======== Materials provided

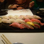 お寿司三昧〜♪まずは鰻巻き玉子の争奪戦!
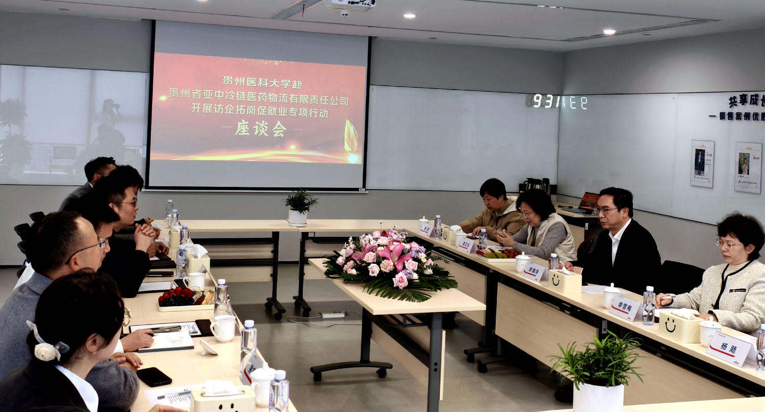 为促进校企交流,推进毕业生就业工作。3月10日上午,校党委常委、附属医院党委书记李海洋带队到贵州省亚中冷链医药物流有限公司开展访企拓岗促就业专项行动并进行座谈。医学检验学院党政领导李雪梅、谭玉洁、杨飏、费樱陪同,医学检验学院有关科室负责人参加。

================
======== Materials provided

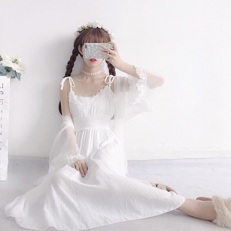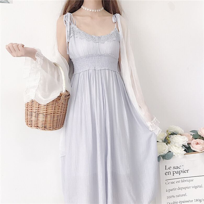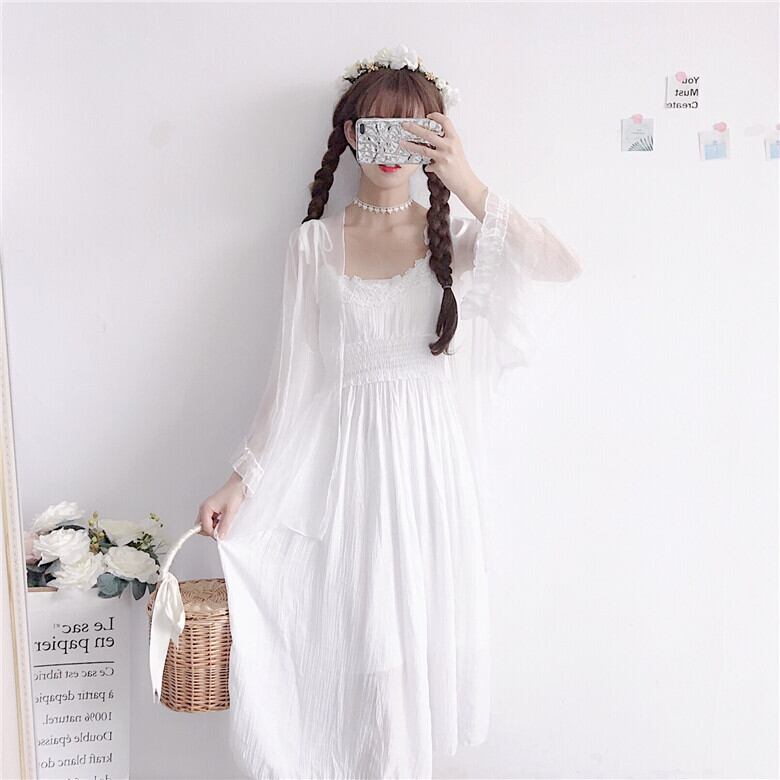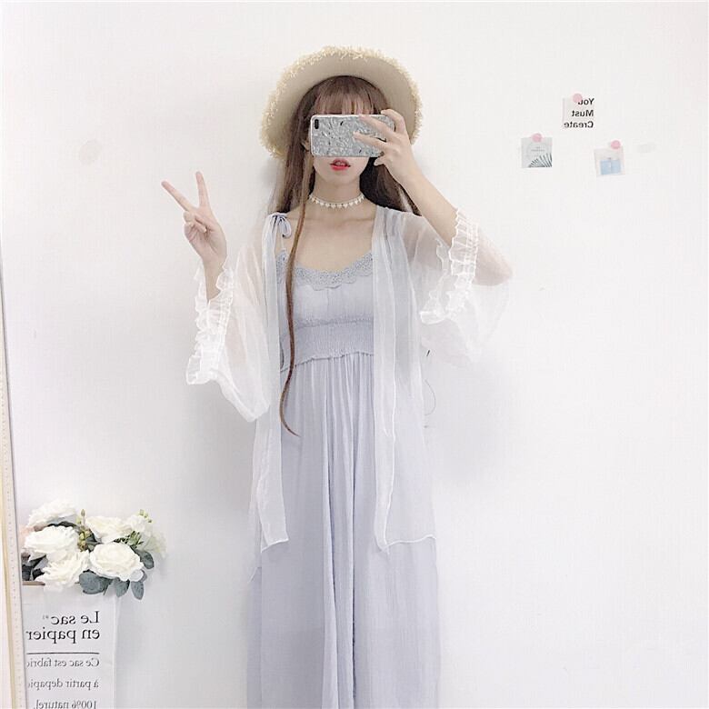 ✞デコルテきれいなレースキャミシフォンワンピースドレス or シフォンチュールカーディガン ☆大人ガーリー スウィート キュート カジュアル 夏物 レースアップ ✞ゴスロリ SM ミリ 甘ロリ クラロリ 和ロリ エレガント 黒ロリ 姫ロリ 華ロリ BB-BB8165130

================

• Exercise requirements: Transcribe only the lines above that start at the line containing "お寿司三昧〜♪まずは鰻巻き玉子の争奪戦!" and end at the line containing "为促进校企交流,推进毕业生就". Omit pictures.

• Reply to the exercise:
 お寿司三昧〜♪まずは鰻巻き玉子の争奪戦!
 为促进校企交流,推进毕业生就业工作。3月10日上午,校党委常委、附属医院党委书记李海洋带队到贵州省亚中冷链医药物流有限公司开展访企拓岗促就业专项行动并进行座谈。医学检验学院党政领导李雪梅、谭玉洁、杨飏、费樱陪同,医学检验学院有关科室负责人参加。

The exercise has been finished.